Kabelo Mabalane (born 15 December 1976), known by his stage name as Kabelo or Bouga Luv, is a South African kwaito musician, songwriter and actor. He is a member of the kwaito trio TKZee. He has opened shows for world famous musicians such as Jay-Z, 50 Cent, Ja Rule and Rihanna. He co-owns Faith Records, a South African independent music company. He has also been a judge on SA's Got Talent for the past two seasons in 2014.

Music career

In 2000 Kabelo released his debut studio album Everybody Watching, including the hit singles "Pantsula For Life" and "Amasheleni". The album went platinum within weeks of its release, selling 100 000 copies. He soon made a followed up release with his second studio album titled Rebel With A Cause including the hit singles "It's My House" and "Ayeye". The album proved to be another huge success, reaching platinum status, selling 130 000 copies.

Kabelo won a South African Music Award in 2003 for his second studio album, Rebel with a Cause. He won the 2004 Kora Award for Best Southern Africa Male Artist.

In 2005, Kabelo signed a deal with Reebok to produce a sneaker called Bouga Luv.

He has run the Comrades Marathon on three occasions from 2006 to 2008. In 2008 he finished just under the 10-hour mark. He also featured on the August 2008 cover of Runner's World magazine.

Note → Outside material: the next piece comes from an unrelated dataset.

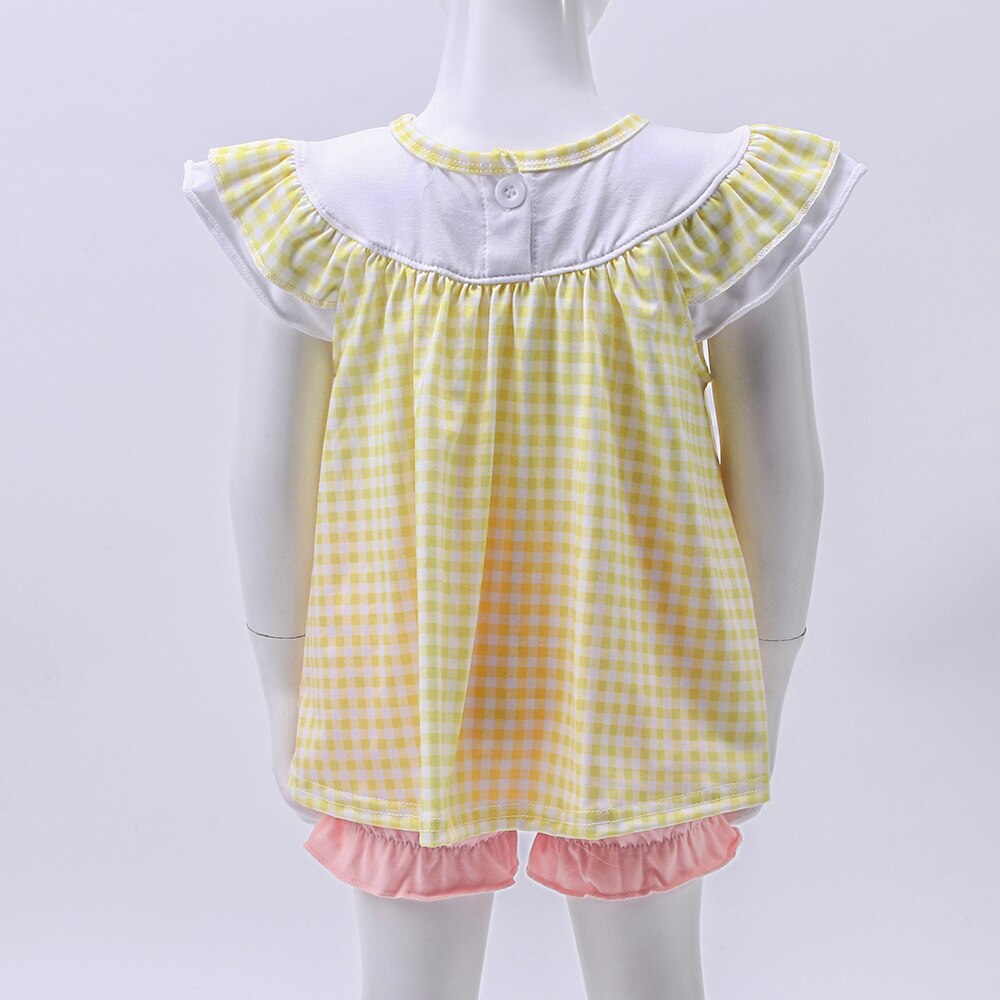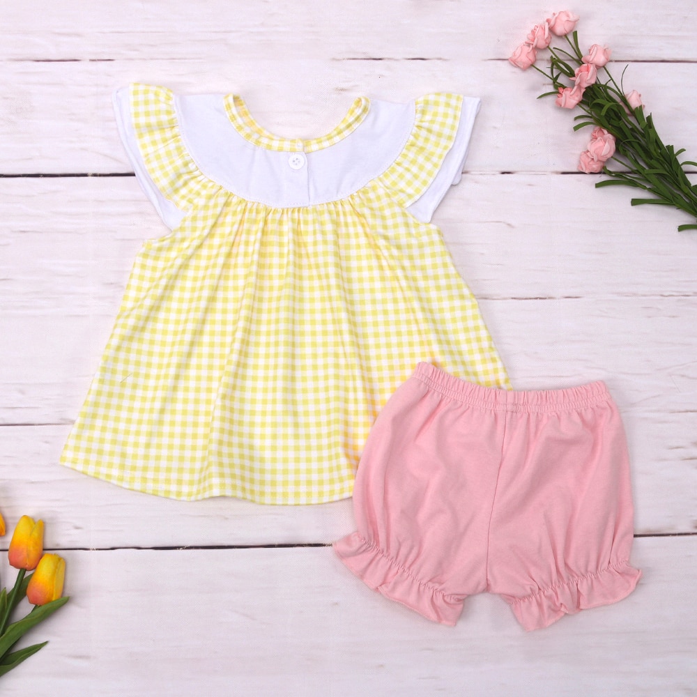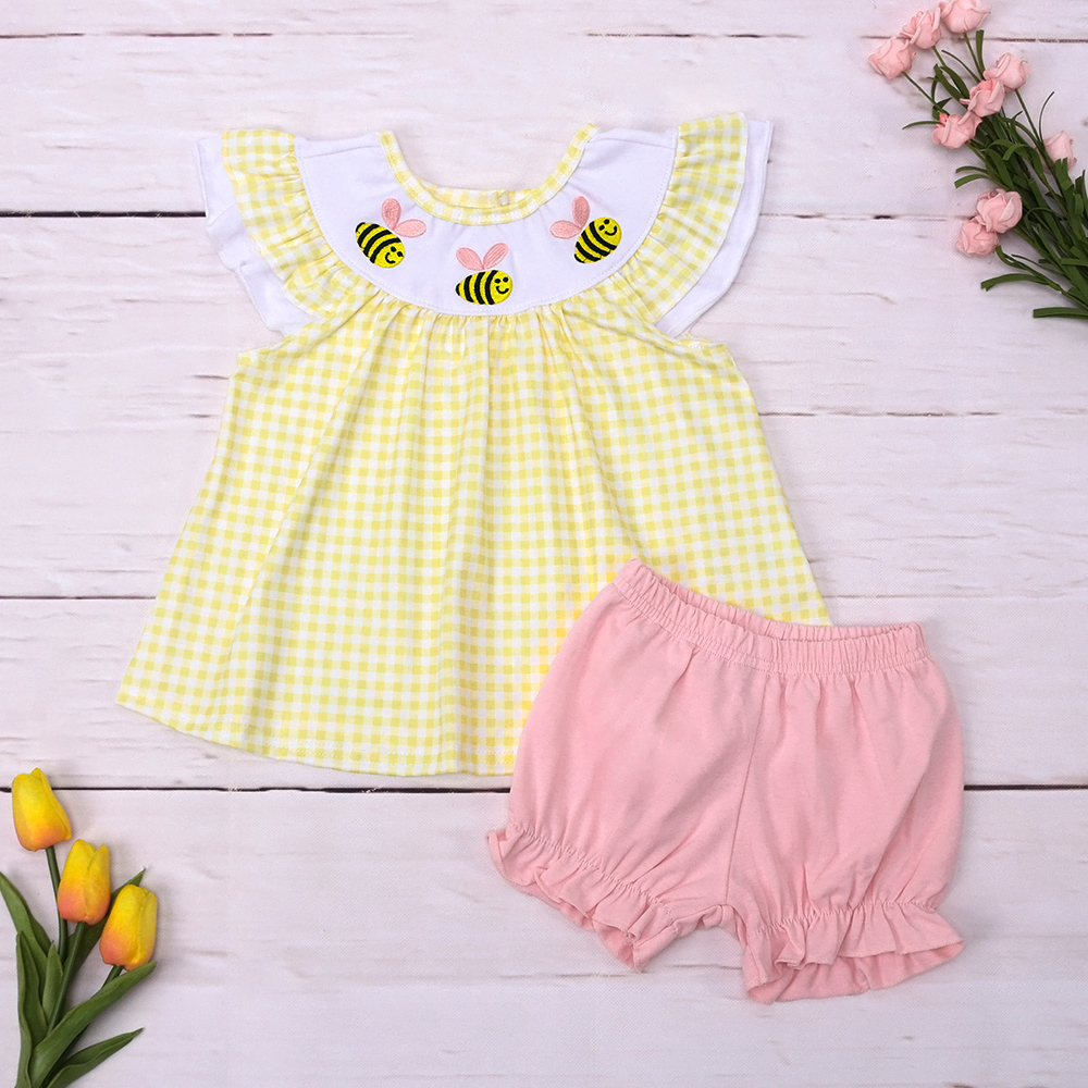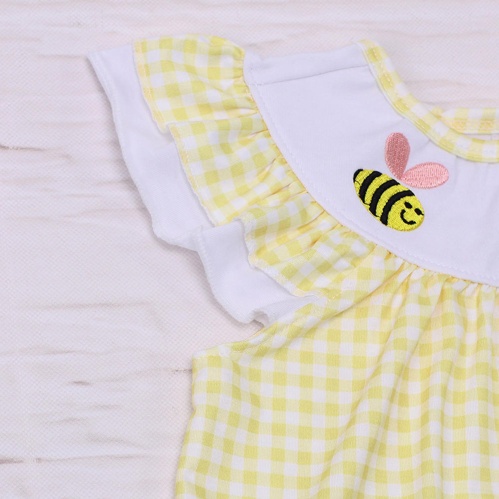 Комплект одежды для маленьких девочек Летнее боди с вышивкой в виде пчел Желтый костюм Детская одежда Детские кружевные решетки От 1 до 8 лет Одежда Bebes

Along with his TKZEE bandmates (Tokollo Tshabalala and Zwai Bala), Kabelo performed at 2010 Fifa World Cup Opening Ceremony.

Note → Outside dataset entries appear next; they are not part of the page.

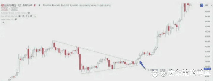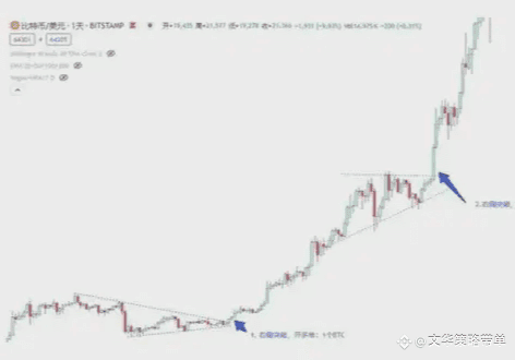 来到下图箭头所在位置的K线,我们可以看到,经过一段中长期的震荡,比特币走出了一个收敛三角形的结构。在这个位置,一根大阳线向上突破了上方的下降趋势线,给我们发出了一个多头信号
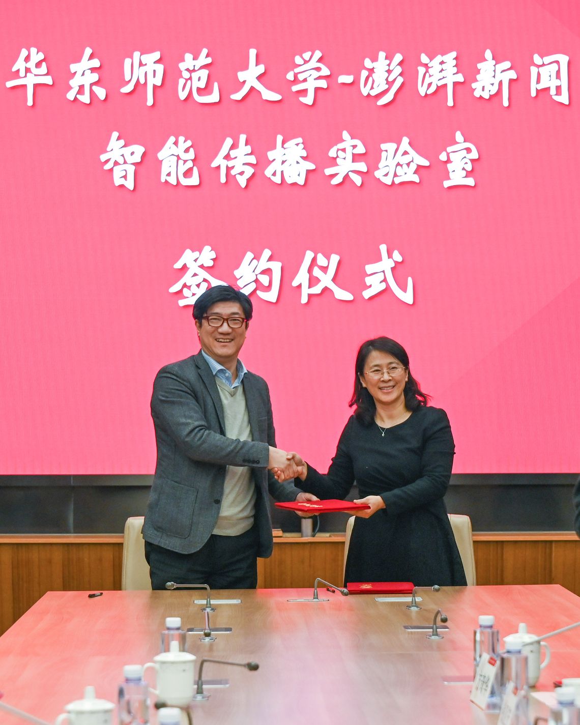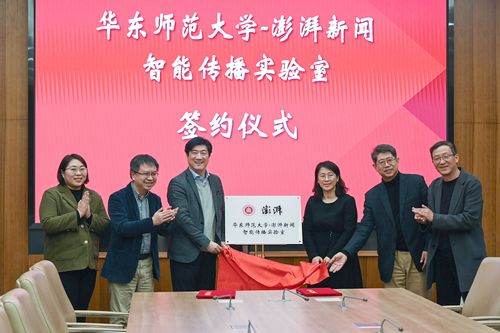 2023年11月23日下午,啪啪啦 与澎湃新闻携手建立的“啪啪啦 -澎湃新闻”智能传播实验室签约仪式在啪啪啦 (中山北路校区)办公楼小礼堂举行。
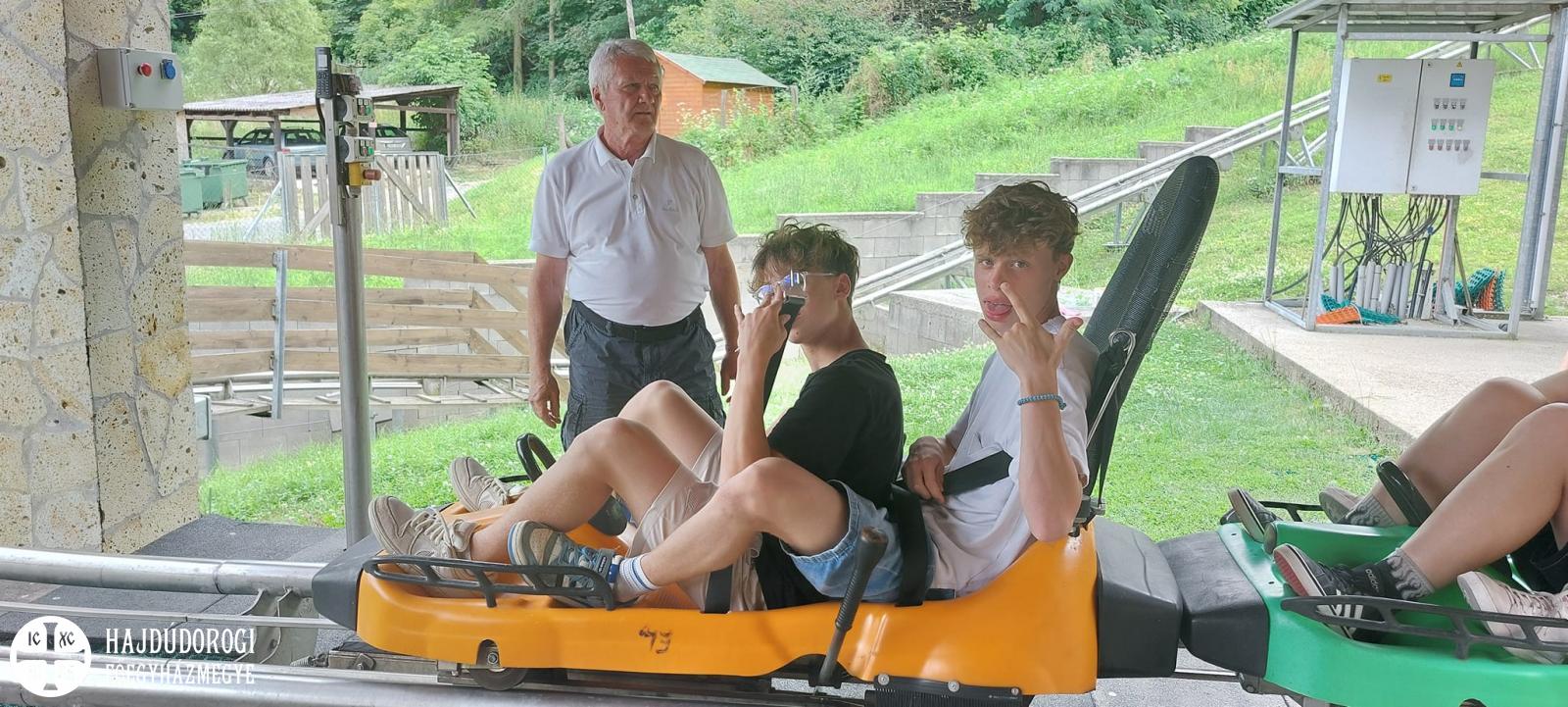 Csütörtökön a természet szépségeiben szerettek volna gyönyörködni a táborozók, a Háromhutát átölelő erdőket szerették volna bejárni, de sajnos az időjárás közbeszólt. Kedvüket azonban ez sem szegte, hiszen Töviskes Mária mentálhigiénés szakemberünk egy kis belső túrára hívta a fiatalokat. Mindenki a saját érzéseivel indult útnak, az életük körüli utazás, zarándoklat során megnézték, hol tartanak most, és hol találkozhatnak Istennel. A játékos, önismereti feladat után közkívánatra Sátoraljaújhelyre látogatott el a csapat, ahol a Zempléni-kalandparkban pattantak fel a bobra.

Throughout high school, Kabelo was very active in sports. In 2005 he started to prepare for the Comrades Marathon, a 93 km race. Since 2006, to date, he has entered and completed five of the races. In 2008 the South African Sports Confederation Olympics Committee (SASCOC) chose him as an Olympic Ambassador.

In April 2010 Kabelo was named as the presenter of a new multi-sport and lifestyle talk-show on South Africa's SABC2 channel that airs on Fridays at 21:30.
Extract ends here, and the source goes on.